On Ceres every user has a default Slurm account. If you have no project, then your default Slurm account is scinet, otherwise it’s a projectname. If you have access to more than one project, then one of the project names is set as your default Slurm account. To change your default Slurm account issue slurm-account-selector.sh on the Ceres login node.
See the Ceres User Manual for details on srun
.
Batch Mode
You can run jobs on the cluster by writing short scripts that will get executed on the cluster. For more details about running jobs in batch mode, please see the detailed Ceres User Manual.

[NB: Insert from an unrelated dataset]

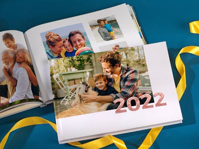 Med ett collage av dina egna bilder kan du designa ditt årsboksomslag med höjdpunkterna från dina bästa minnen.

Here is an example of a batch job submission bash script (e.g. blast_job.sh
, for running BLAST):
#!/bin/bash
#SBATCH --job-name="blastp" #name of the job submitted
#SBATCH -p short #name of the queue you are submitting job to
#SBATCH -N 1 #number of nodes in this job
#SBATCH -n 40 #number of cores/tasks in this job, you get all 20 cores with 2 threads per core with hyperthreading
#SBATCH -t 01:00:00 #time allocated for this job hours:mins:seconds
#SBATCH -A projectname #substitute with the name of your project
#SBATCH --mail-user=emailAddress #enter your email address to receive emails
#SBATCH --mail-type=BEGIN,END,FAIL #will receive an email when job starts, ends or fails
#SBATCH -o "stdout.%j.%N" # standard out %j adds job number to outputfile name and %N adds the node name
#SBATCH -e "stderr.%j.%N" #optional but it prints our standard error
date #optional this command prints out timestamp when the job is starting in stdout file
module load blast+ #loading latest NCBI BLAST+ module
blastp -db nr -query blastInputs -out blastout # protein blast search against nr database
date #optional printing out timestamp when the job ends
You would submit the script by typing: sbatch blast_job.sh
Job Script Generator
You can also use Ceres Job Script Generator to generate job scripts.
Useful SLURM Commands
Command | Description | Examples |
---|---|---|
squeue |
Gives information about jobs | squeue or squeue -u jane.webb |
scancel |
Stop and remove jobs | scancel 1256 or scancel -u jane.webb |
sinfo |
Gives information about queues (partitions) or nodes | sinfo or sinfo -N -l |
Building Your Own Tools
Users can build and use their own tools. It is recommended to compile on compute nodes, and not on the login node.
TheGuide to Installing R, Python, and Perl Packages has examples of installing packages in a project directory.
SCINet Citation/Acknowledgment in Publications
Add the following sentence as an acknowledgment for using SCINet/Ceres as a resource in your manuscripts meant for publication:
“This research used resources provided by the SCINet project of the USDA Agricultural Research Service, ARS project number 0500-00093-001-00-D.”